The peak amplitude of the INaR flowing after pulse depolarization in the hybrid protocol averaged −61.2 ± 2.9 pA in the 5 Hz protocol; −31.8 ± 3.3 pA in the 13 Hz protocol; and −35.4 ± 1.6 pA in the 20 Hz protocol (n = 6). At least for the 5 and 13 Hz protocols, these values are likely to represent appropriate and conservative estimations of the INaR flowing in the early interspike phases of the original AP protocols, because in such cases possible contamination by INaP was negligible (see Fig. 2Bd and C), and the amplitude of the peak INaR evoked by the hybrid protocol was always similar to, or smaller than, that of the inward current recorded in response to the original AP protocol at the same time point. For comparison, command currents applied in current-clamp experiments to evoke 5 Hz, 13 Hz and 20 Hz discharges averaged 75.3 ± 15.2 pA (n = 12), 138.4 ± 19.1 pA (n = 14) and 206.8 ± 23.8 pA (n = 14), respectively.

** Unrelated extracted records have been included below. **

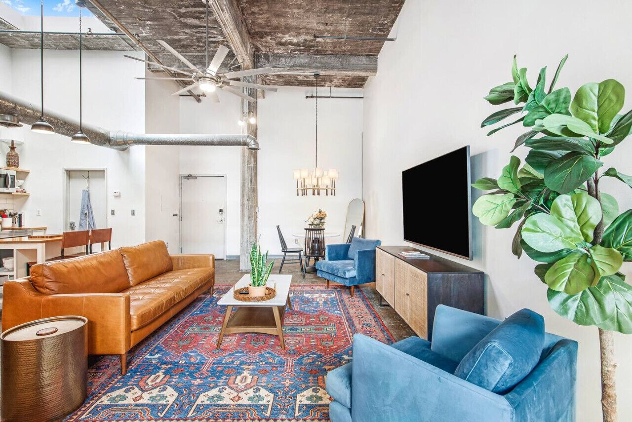 Hallelujah—you’ve found the best-located and -decorated rental home in Atlanta! This former factory (a testament to the power of great renovation) boasts soaring windows, two bedrooms, one bath, laundry, and a chef’s kitchen. There’s also a heavenly workspace and communal gym if you worship at the altar of physical fitness. The famous Atlanta BeltLine running, walking, and cycling trail is just steps from your door and will lead you to divine restaurants, shops, and watering holes. Praise be!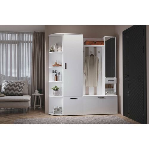 1. Вешалка с зеркалом Ника белый гладкий - В 203.2 x Г 35.4 x Ш 91 см. 2. Вешалка-пенал угловая Ника белый гладкий - В 203.2 x Г 35.4 x Ш 35.4 см. 3. Шкаф бельевой Ника белый гладкий - В 203.2 x Г 35.4 x Ш 50 см.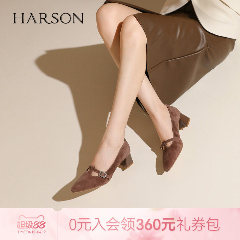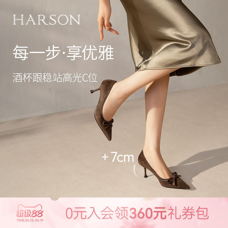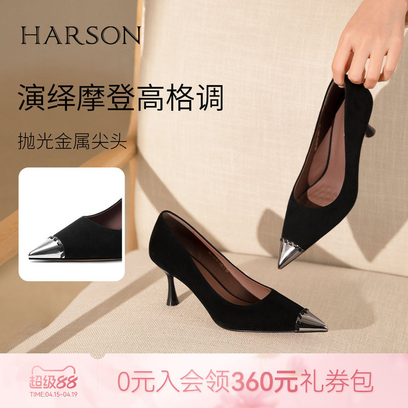 哈森/HARSON【金哨官】26春新款尖头绒面高跟鞋千金感女鞋不累脚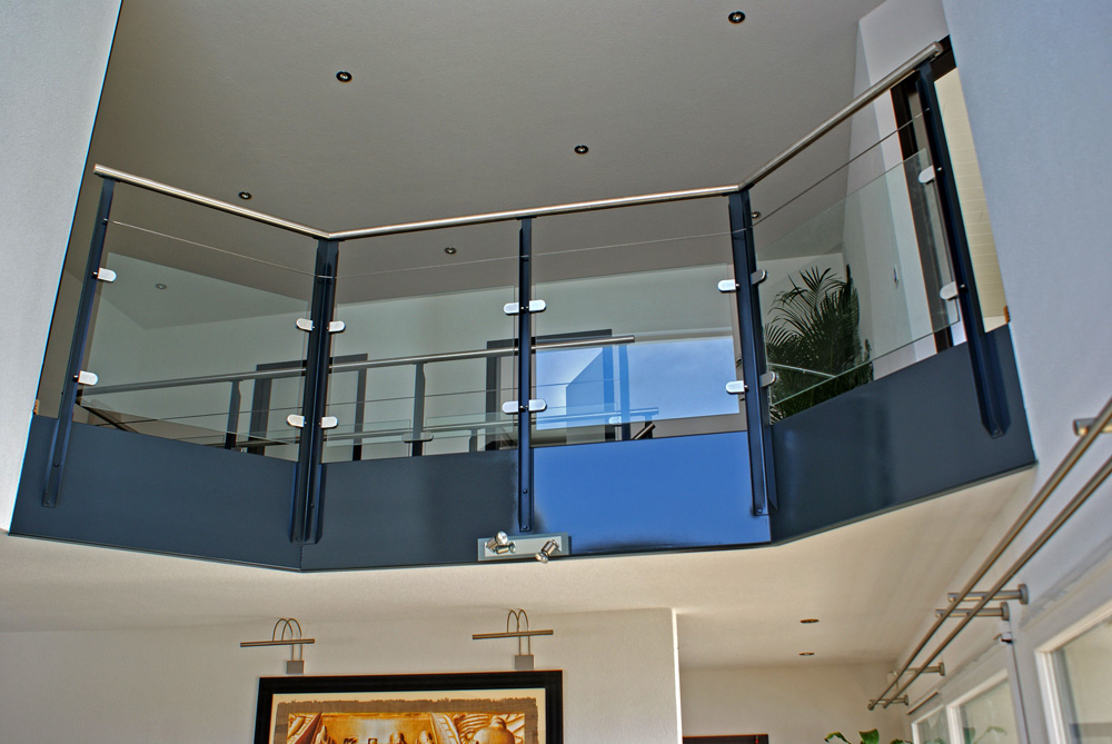 Pour les parties horizontales, nous avons placé un verre feuilleté transparent avec 1 câble au-dessus.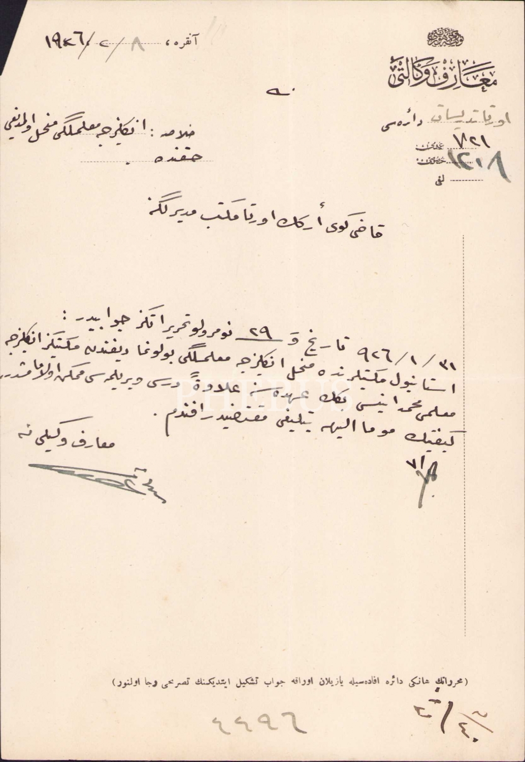 Kadıköy Erkek Orta Mektep Müdürlüğüne yazılmış Osmanlıca belge, 1926 tarihli, 14x21 cm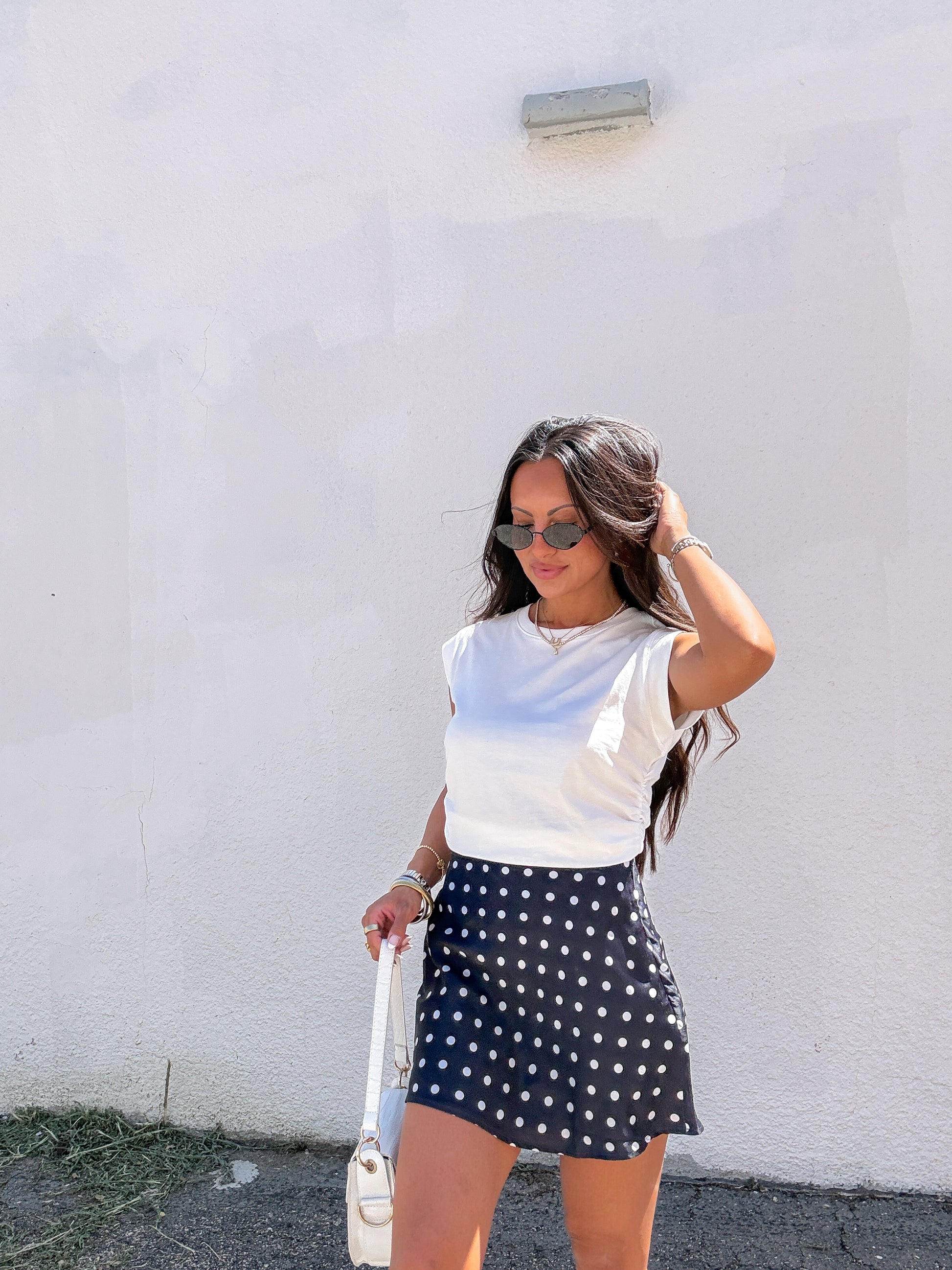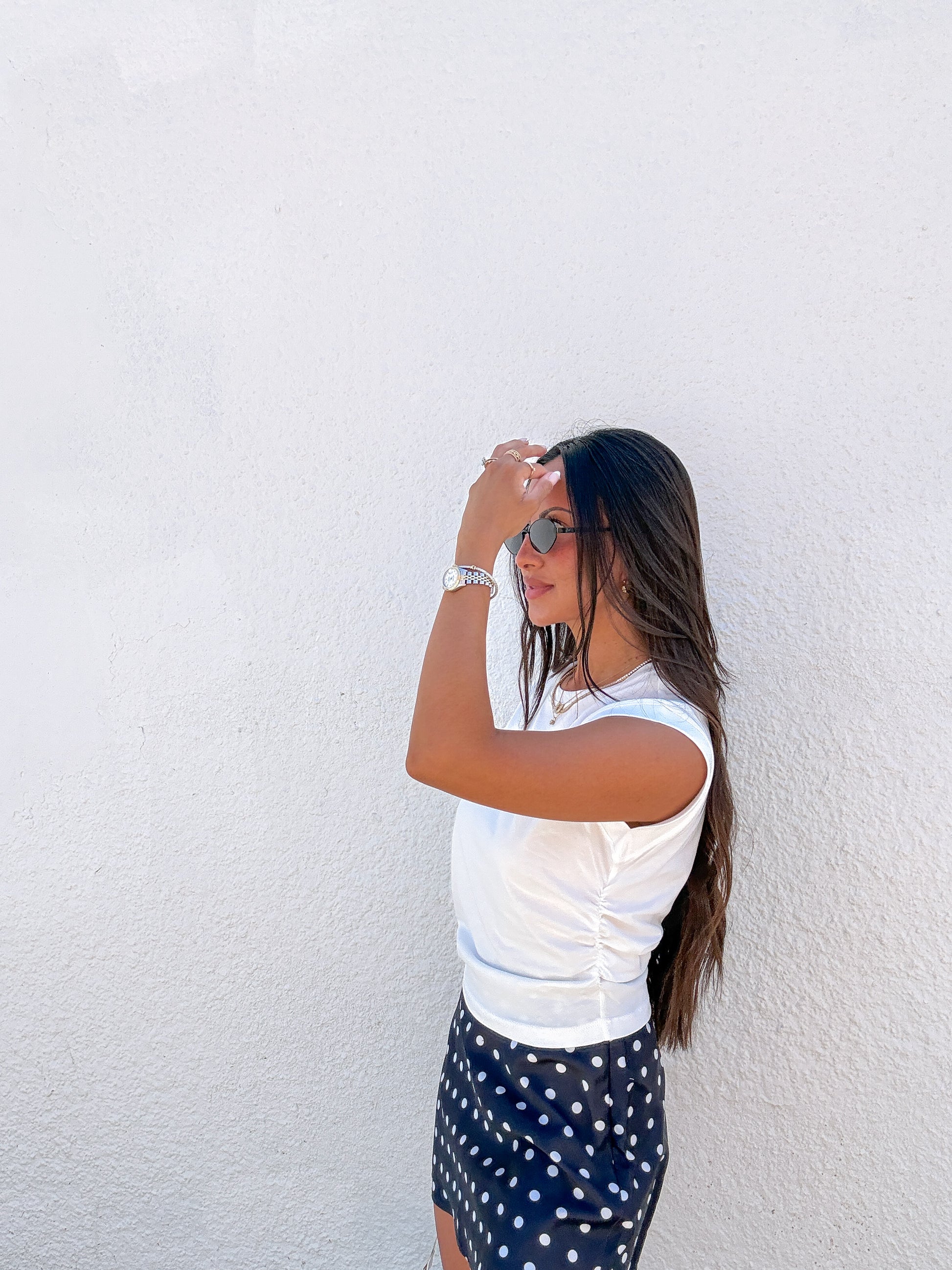 - ruched sides of top

Location of channels responsible for INaR

As a further step, we attempted to also characterize INaR in acutely isolated neurones, thus avoiding space clamp limitations present in recordings from intact neurones in slices. Neurones were acutely isolated from area 35 layer II using an enzymatic and mechanical dissociation procedure (see Methods), and recordings were carried out using either a 100 mm Na+ extracellular solution (solution A, see Methods) in initial experiments, or a 126 mm Na+ extracellular solution (solution B) in later experiments. In these cells, prominent fast-decaying Na+ currents were elicited by INaT activation protocols (Fig. 3Aa). Maximal INaT amplitude measured at the peak of the current–voltage (IV) relationship averaged −3639.0 ± 306.5 pA (n = 9) in solution A, and −2655.5 ± 454.1 pA (n = 12) in solution B. INaT amplitude normalized to the index of total membrane surface area, Qtot (see Methods), averaged 43.3 ± 7.5 pA fC−1 (n = 9) in solution A, and 31.0 ± 4.2 pA fC−1 (n = 12) in solution B. In 11 cells in which optimal clamp conditions were obtained, the IV relationship of INaT showed a peak at −25 mV (Fig. 3Ab, open circles). Botzmann fittings of activation plots (Fig. 3Ab, filled circles) returned average half-activation potential (V1/2) and slope coefficient (k) equal to −34.9 ± 1.5 mV and −4.5 ± 0.2 mV, respectively (n = 11).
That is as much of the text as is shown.